## DATA PROVIDED

=== Section Start ===

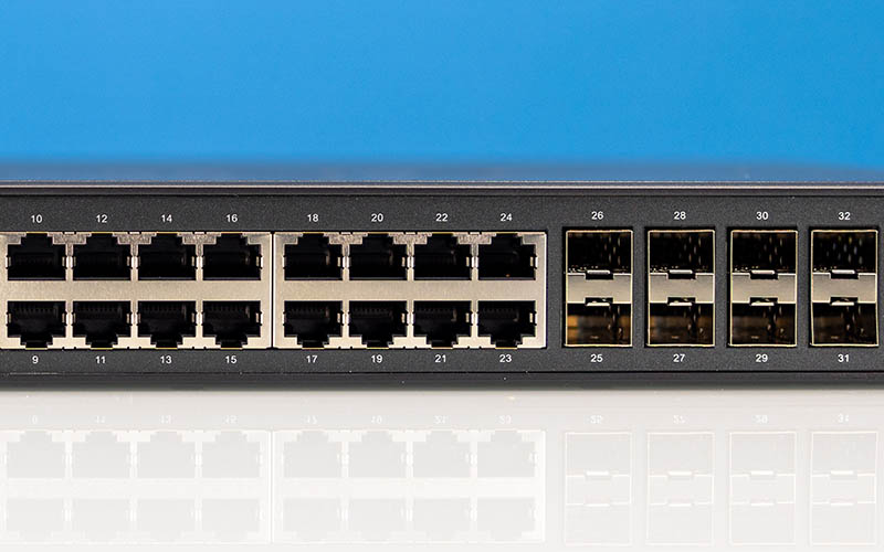 The 24 ports are all 2.5GbE and 1GbE ports. We tested at those speeds, but they are supposed to also work at 10M/100M speeds. The eight SFP+ cages we tested at 10GbE speeds, but have status LEDs for 2.5GbE and 1GbE speeds, but not 5GbE.
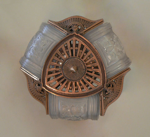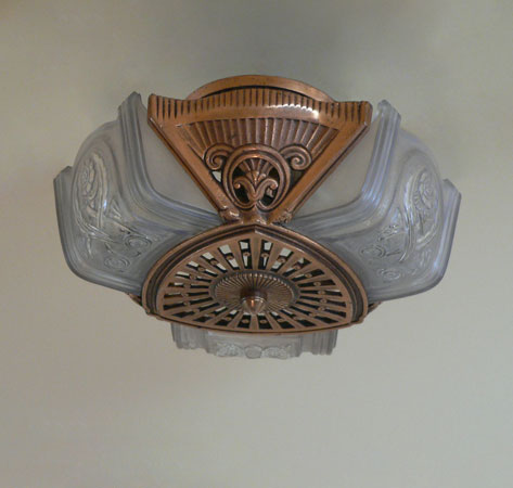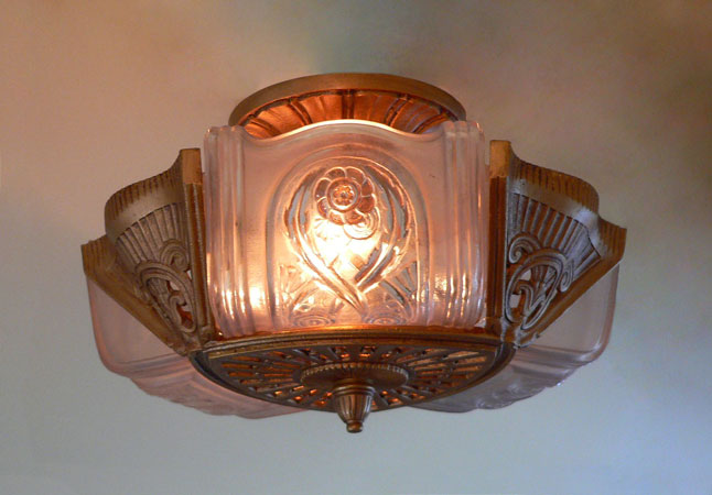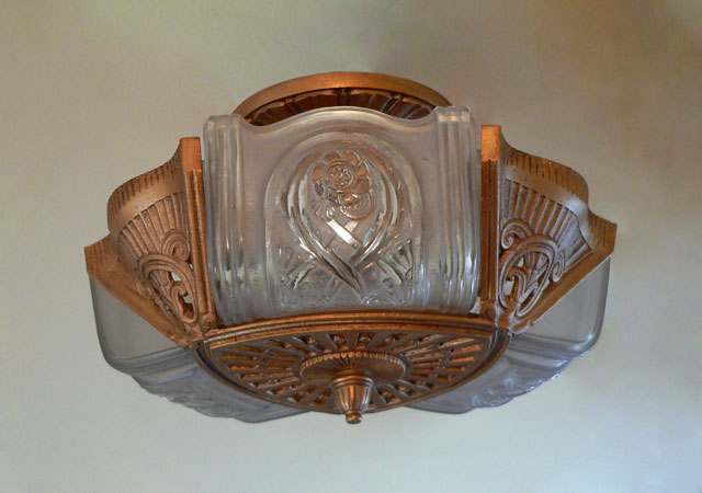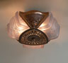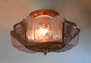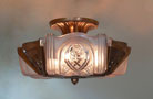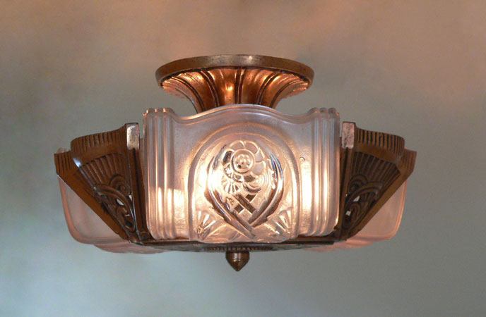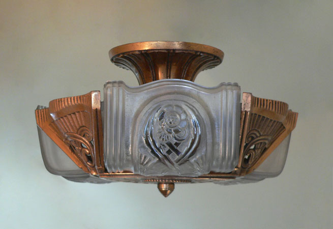 Chandelier C227*Not Available* This Art Deco flush mount chandelier was made by Lightolier. The three embossed slip shades have a warm glow when lit. The metal has its original deep golden colored patina. Both the glass and the fixture are in excellent condition. It is re-wired and ready for installation. H: 9" (adjustable chain) |
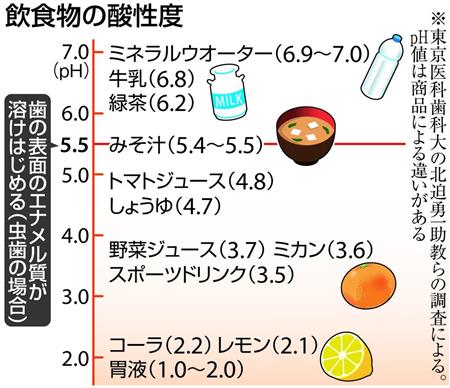 虫歯の原因は口内の虫歯菌が原因だが、最近はスポーツドリンクやレモンなど飲食物に含まれる酸で歯が溶けてしまう酸蝕歯(さんしょくし)になる人が増えているという。歯が黄ばんだり、欠けたりするだけでなく、知覚過敏も引き起こす。専門家は「酸性度の強い飲食物の摂取に注意して」と話している。(油原聡子)
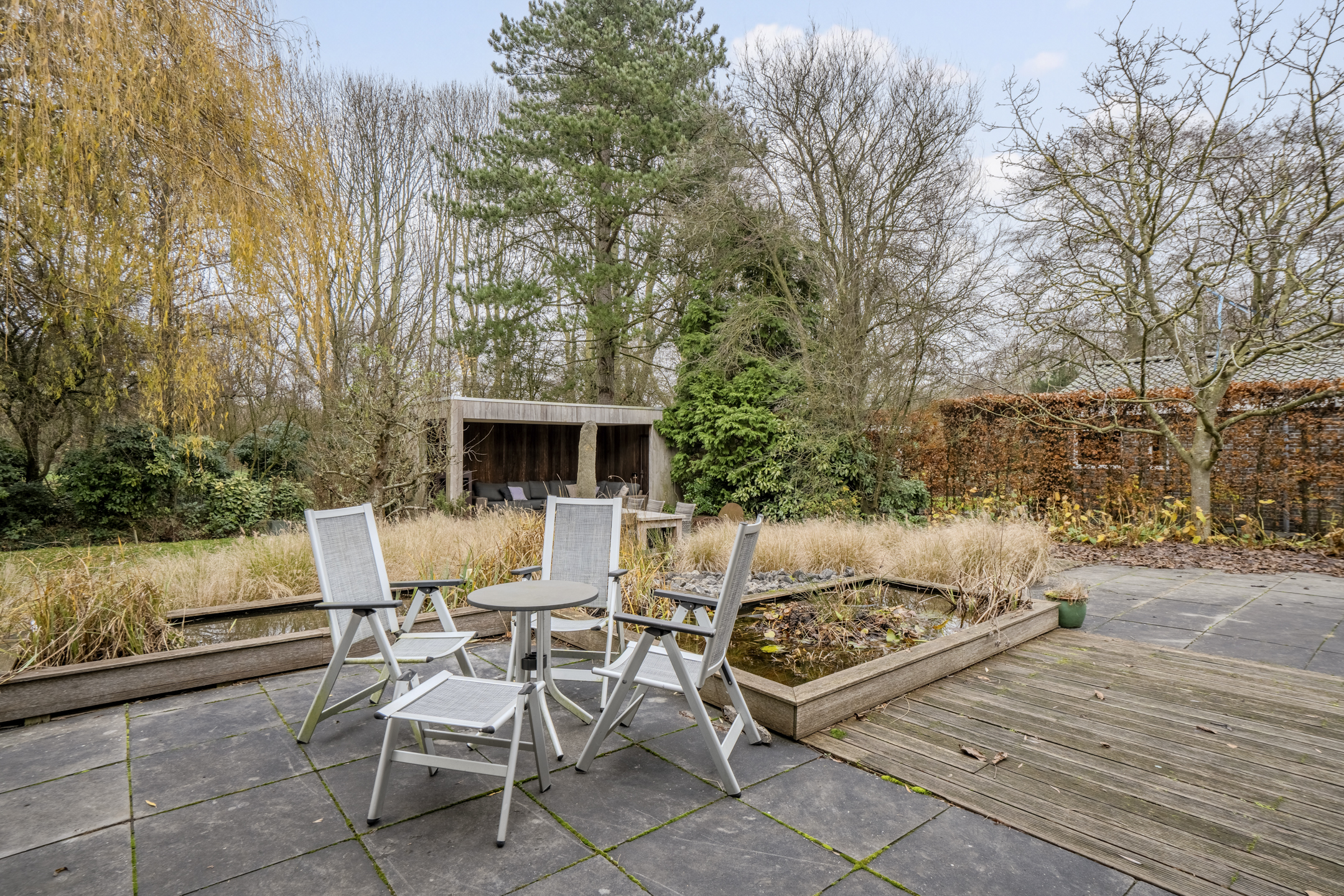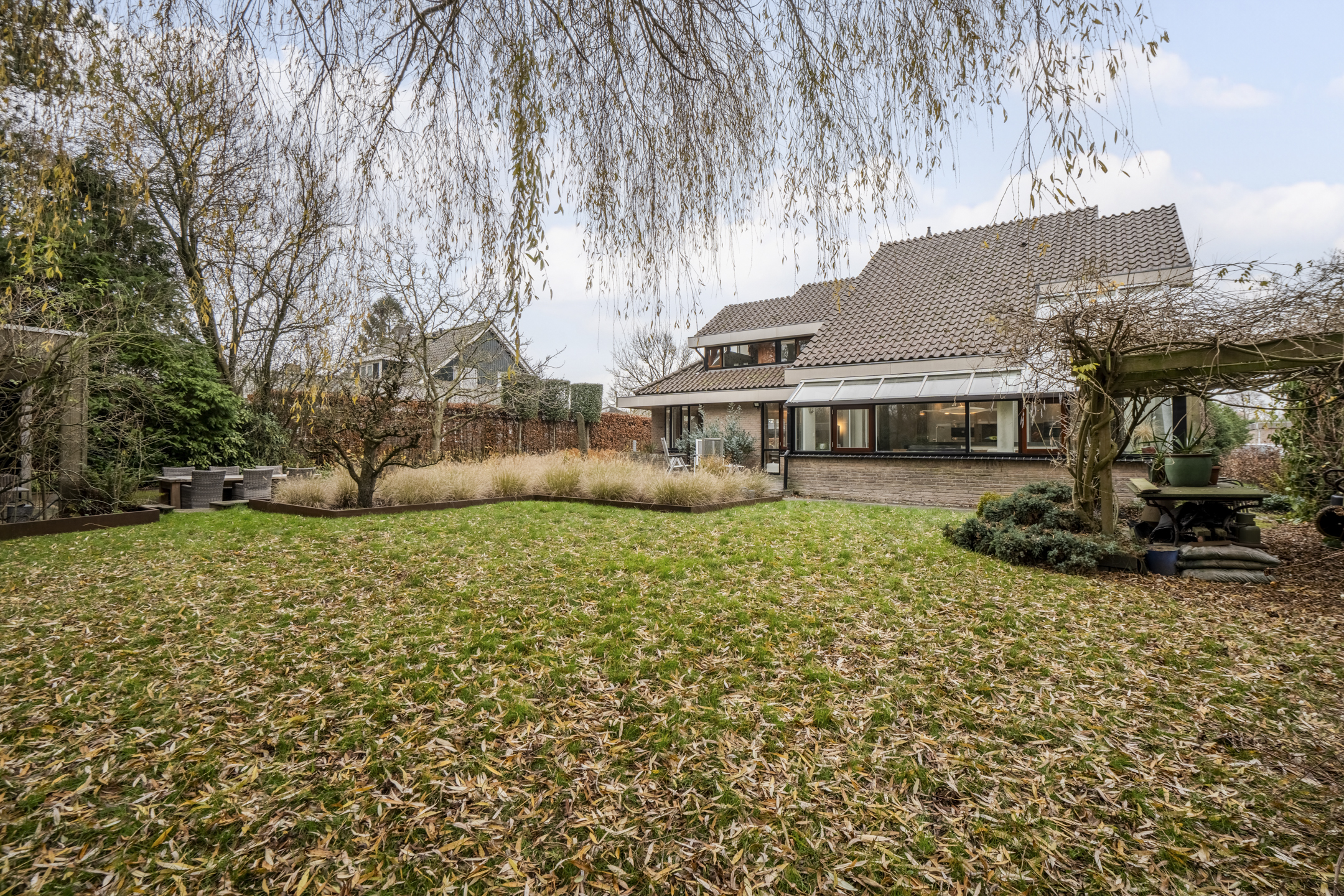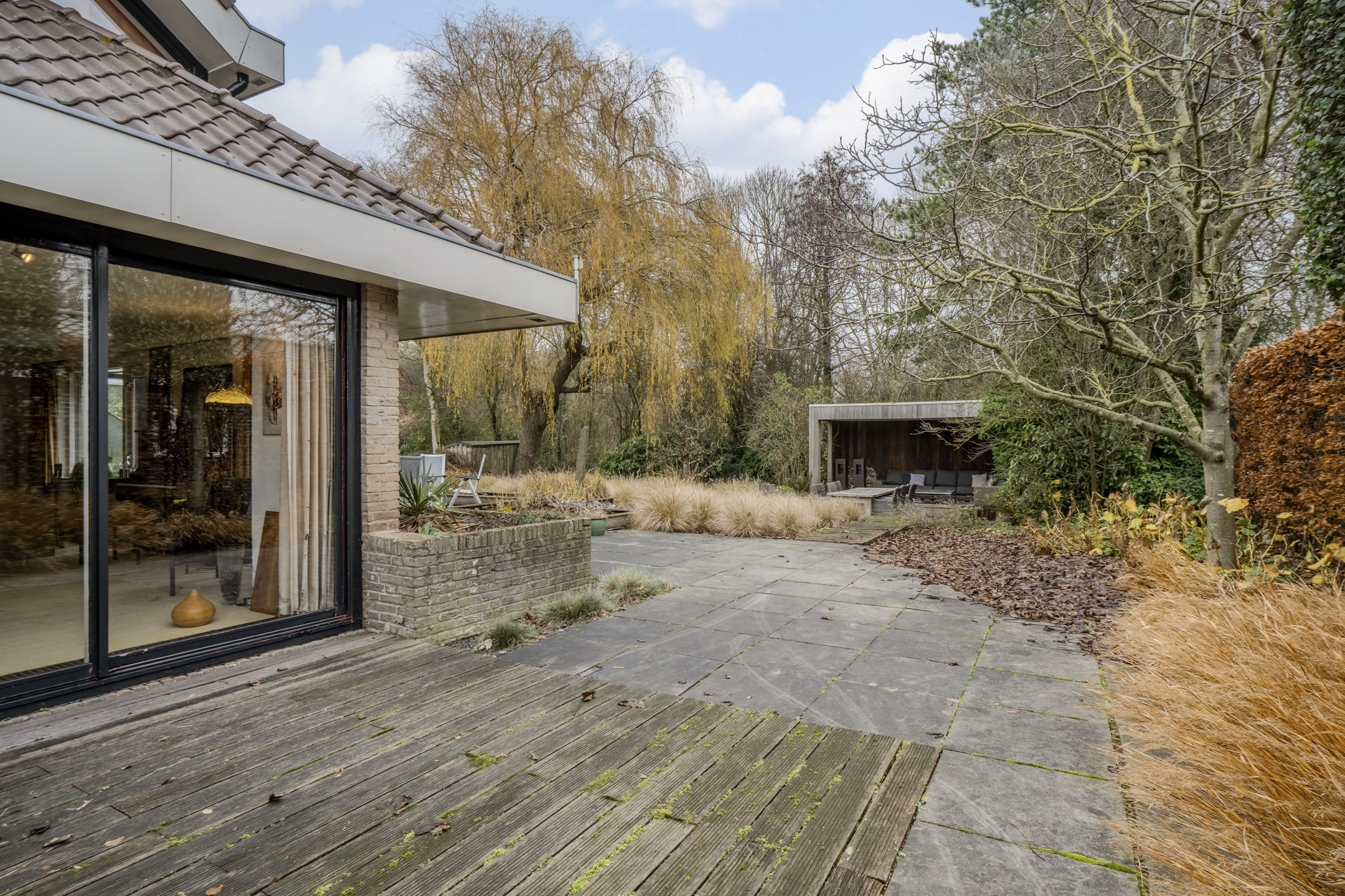 De woning is gelegen op een royaal perceel met een grote, parkachtige tuin rondom het huis. Er zijn diverse tegel- en vlonderterrassen en tevens is er een gezellig verandaterras onder een houten overkapping aanwezig. Op het perceel staan tevens 3 handige tuinschuurtjes. Omdat de tuin grenst aan een groenstrook en er geen achterburen zijn, is de tuin heerlijk rustig en privƩ.

=== Section End ===

## WHAT THE EXERCISE ASKS
Every line from the line containing "Chandelier C227*Not Available*" through the last line above is to be printed exactly. Pictures are not copied.

## RESPONSE TO THE EXERCISE
 Chandelier C227*Not Available* This Art Deco flush mount chandelier was made by Lightolier. The three embossed slip shades have a warm glow when lit. The metal has its original deep golden colored patina. Both the glass and the fixture are in excellent condition. It is re-wired and ready for installation. H: 9" (adjustable chain) |
 虫歯の原因は口内の虫歯菌が原因だが、最近はスポーツドリンクやレモンなど飲食物に含まれる酸で歯が溶けてしまう酸蝕歯(さんしょくし)になる人が増えているという。歯が黄ばんだり、欠けたりするだけでなく、知覚過敏も引き起こす。専門家は「酸性度の強い飲食物の摂取に注意して」と話している。(油原聡子)
 De woning is gelegen op een royaal perceel met een grote, parkachtige tuin rondom het huis. Er zijn diverse tegel- en vlonderterrassen en tevens is er een gezellig verandaterras onder een houten overkapping aanwezig. Op het perceel staan tevens 3 handige tuinschuurtjes. Omdat de tuin grenst aan een groenstrook en er geen achterburen zijn, is de tuin heerlijk rustig en privƩ.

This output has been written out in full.